A likelihood-ratio test of the inversed overdispersion parameter to examine goodness of fit confirmed that NBM was an appropriate statistical test for our data (p<0.001); collinearity tests well below 5 for all variables in the model implied that there was no critical collinearity.

HA-MRSA and hospitals categorized by PPRs

When we grouped hospitals based on their proportions of private rooms, we found significant unadjusted differences in HA-MRSA incidence.

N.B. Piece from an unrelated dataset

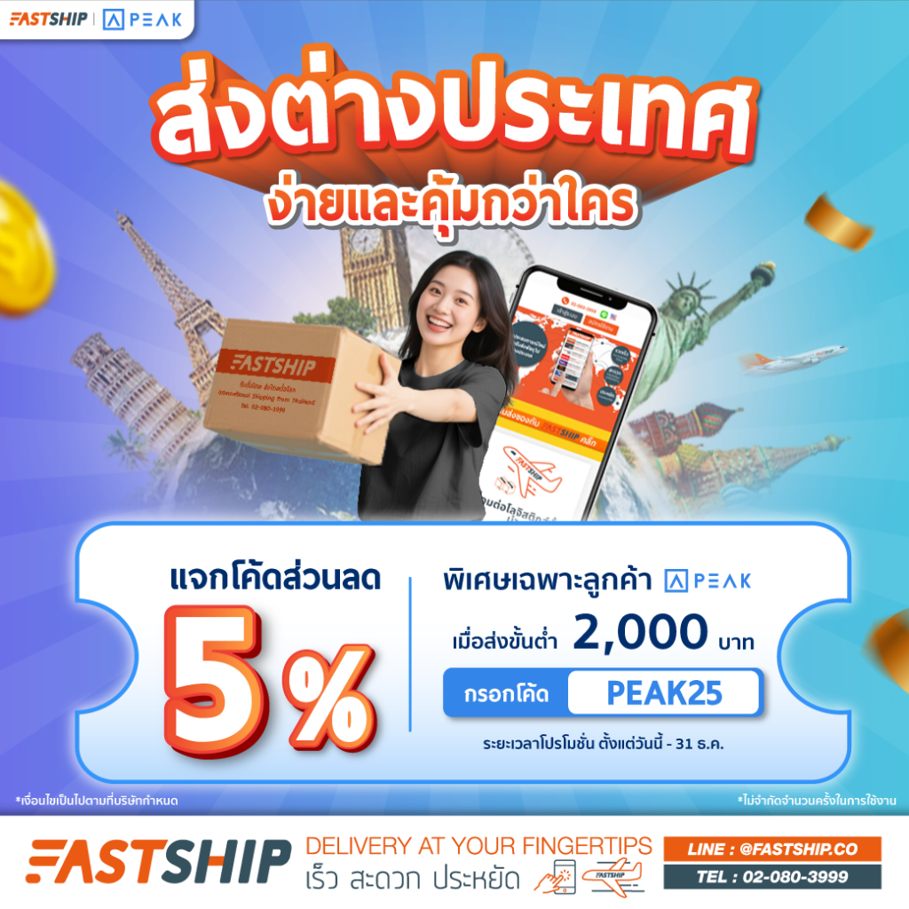 เพียงกรอกโค้ด “PEAK25” ตอนชำระเงิน รับทันที ส่วนลด 5% สำหรับค่าจัดส่งพัสดุไปต่างประเทศ
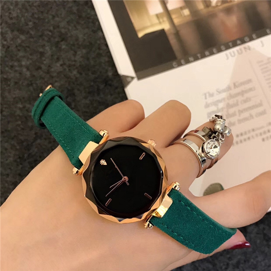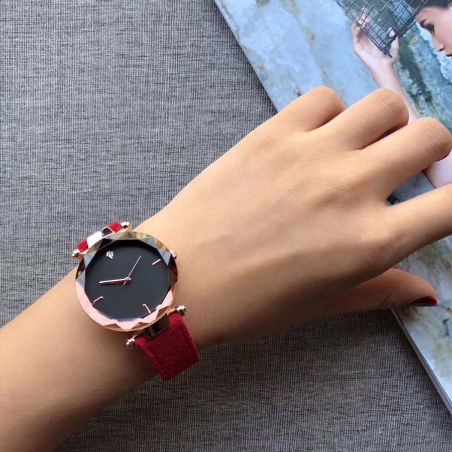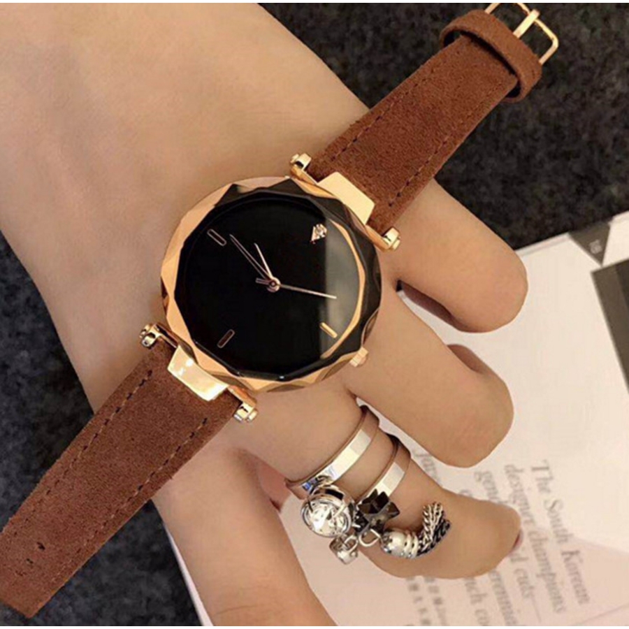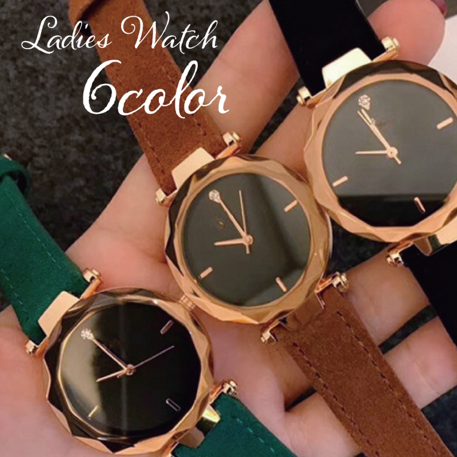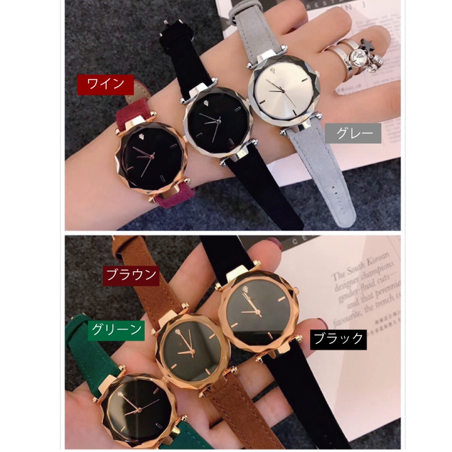 スエード調のベルトにブラックの文字盤がおしゃれ♪

Hospitals with fewer than 62% PPRs had the highest incidence (446 cases/100,000 discharges; 95% CI: 349, 583), hospitals with more than 82% PPRs had the lowest (52 cases/100,000 discharges; 95% CI: 28, 75), and hospitals with 62% to 82% of PPRs fell in between (105 cases/100,000 discharges; 95% CI: 69, 141) (Table 3).

Table 3. Characteristics of 340 US hospitals grouped by the proportion of private patient rooms (PPRs), based on discharges between September 2015 and August 2016.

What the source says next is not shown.